Currently, many AVs use a powerful central compute platform, but as the technology, safety standards, and regulations mature even these platforms cannot deliver the performance needed. Distributed processing offers some answers, especially for AVs.

AI isn’t just about Neural Networks (NN)s

Many people believe that AI is only about NNs and how to execute them. However, a broad set of algorithms is used to perform AI tasks – and many of them don’t use Neural Networks (NNs) at all. For example, a number of well-known image processing algorithms rely on sophisticated software written the way much of today’s code is written – in a sequential language such as C++, compiled and executed just like any other program.
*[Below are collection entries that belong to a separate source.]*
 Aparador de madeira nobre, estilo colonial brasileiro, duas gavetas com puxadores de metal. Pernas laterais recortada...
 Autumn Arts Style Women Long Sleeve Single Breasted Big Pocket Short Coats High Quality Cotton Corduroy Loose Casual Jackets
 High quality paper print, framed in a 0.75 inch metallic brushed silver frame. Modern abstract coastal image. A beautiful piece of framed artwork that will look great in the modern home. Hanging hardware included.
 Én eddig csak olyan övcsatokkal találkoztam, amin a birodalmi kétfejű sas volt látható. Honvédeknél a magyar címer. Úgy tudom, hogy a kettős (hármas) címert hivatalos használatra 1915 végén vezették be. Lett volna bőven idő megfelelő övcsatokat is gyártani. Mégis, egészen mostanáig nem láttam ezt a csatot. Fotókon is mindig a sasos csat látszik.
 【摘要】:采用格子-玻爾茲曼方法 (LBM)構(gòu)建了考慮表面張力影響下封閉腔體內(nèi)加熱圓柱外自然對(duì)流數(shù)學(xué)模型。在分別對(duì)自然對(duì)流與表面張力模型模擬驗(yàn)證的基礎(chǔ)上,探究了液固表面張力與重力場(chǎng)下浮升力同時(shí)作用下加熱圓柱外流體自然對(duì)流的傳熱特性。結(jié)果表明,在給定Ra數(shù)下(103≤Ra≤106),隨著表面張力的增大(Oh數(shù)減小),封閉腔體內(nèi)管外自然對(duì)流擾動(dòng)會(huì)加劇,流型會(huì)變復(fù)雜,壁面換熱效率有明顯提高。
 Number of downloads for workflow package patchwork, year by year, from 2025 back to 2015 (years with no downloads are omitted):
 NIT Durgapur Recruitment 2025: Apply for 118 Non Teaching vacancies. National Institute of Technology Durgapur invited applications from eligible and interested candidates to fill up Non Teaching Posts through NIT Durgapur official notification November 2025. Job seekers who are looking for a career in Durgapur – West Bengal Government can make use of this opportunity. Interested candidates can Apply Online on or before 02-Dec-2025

As a result, any AI hardware platform for AVs needs to support substantial general-purpose computing, as well as NN computation.

Why not just have one big, fast computer then?

Many people also associate AI with big datacenter computing (read Tony King-Smith’s blog on the subject). Datacenters are all about performance, so it’s not surprising that when AI appears in autonomous vehicles (AVs), people start talking about putting “a datacenter under the front seat”. In other words, putting as much general purpose processing power into a car as possible. The problem is, it’s far too power-hungry, expensive, and if something goes wrong, a lot goes wrong. Furthermore, packing so much compute power into a relatively small space means big power, thermal and reliability issues.

Computation for AI involves a number of different stages. The early stages, sometimes referred to as the “front end”, take raw data from sensors and try to make sense of it. The most common tasks are segmentation (identifying the shapes to be recognized), perception (deciding what those shapes are) and free space detection (deciding which areas are free of objects, so are safe candidates for the vehicle to travel in).

The later stages of computation (the “back end”) need to bring all of this data together in one place. All inputs are then evaluated for the vehicle to decide what they mean. Control is then applied based not only on what has been received, but anticipating what might happen next.

There is little doubt that back-end processing needs to be done centrally. However, the more front-end processing can be done away from the central processor, the less powerful the central processor needs to be.

For many AI applications, front-end tasks tend to be dominated by NN computation. Thus, it makes sense to put some of the NN compute engines near the sensors themselves. This is known as distributed edge processing. Putting computation in multiple places throughout the vehicle, rather than having everything executing on one central processing platform, makes the vehicle’s overall electronics hardware platform easier to implement, manage and scale.

So we don’t need central processors?

The central processor will always be a crucial part of any AV, as everything has to be brought together at some point to control the vehicle. It also provides the most effective way to deliver high-performance algorithm execution for the many functions needed to control modern vehicles.

As the central processor needs to execute a wide range of different algorithms, it will require accelerators for many different types of computation. That’s why they will have clusters of CPUs with different capabilities, augmented by GPU clusters, floating point vector processors, DSPs – and of course NN accelerators.

Distributed processing helps central processors

There are many benefits to distributing processing platforms. By putting some of the compute power in different physical locations (e.g. near each sensor, group of sensors, or per corner), it is easier to provide power to each unit, and to manage the heat they generate. Also, if each unit performs some initial processing locally, it generates higher level output data that is often significantly smaller than the raw sensor input data. That means it needs to send less data to the central processor, reducing communication and memory demands.

The electricity grid is a good parallel. Houses aren’t connected directly to the central power station. Instead, power is distributed to many groups, which makes each local substation easier to build, and ensures that if one breaks the rest of the electricity network remains operational. It also makes it easier to have multiple redundant systems if needed.

Distributed processors help by reducing the processing demands on central processors. This makes each part of the hardware compute platform easier to design and manage, and makes it more reliable and robust. Moreover, it’s not a new idea. We’ve been using some form of distributed processing – in everything from government to business, from electricity to mail distribution – for thousands of years!

Cars are built by Ecosystems

Vehicles are never built from the ground up by one company. Building cars involves a complex network of highly skilled specialist partners. The automotive supply chain has traditionally relied on large subsystem companies (known as Tier1s) to provide each of the Electronics Control Units (ECUs) for a vehicle’s various functions.

By embedding a subsystem vendor’s unique know-how into the software and hardware within the ECUs powering their particular sensor, actuator or other solution, they create a more powerful product for a specific task.

Sensor manufacturers and their partners – chips suppliers, module suppliers, ISP suppliers – are realizing this is a great opportunity to add value to every sensor. For example, by adding NN processing alongside the ISP for cameras, the sensor can now deliver information of much higher quality to the central processor. This opens up new opportunities for Tier1s and other component suppliers to add new features to make their products more competitive.

Conclusion

Distributed processing is one way to augment the central processor of an AV to increase total processing power faster, more reliably, and cheaper. NNs are increasingly used throughout the vehicle. Small, efficient NN hardware accelerators, such as AImotive’s aiWare can be deployed throughout every subsystem of an AV, from each sensor through to the domain controllers and central processing clusters. Understanding the best ways to use such accelerators is becoming an important part of designing future hardware platforms for AVs.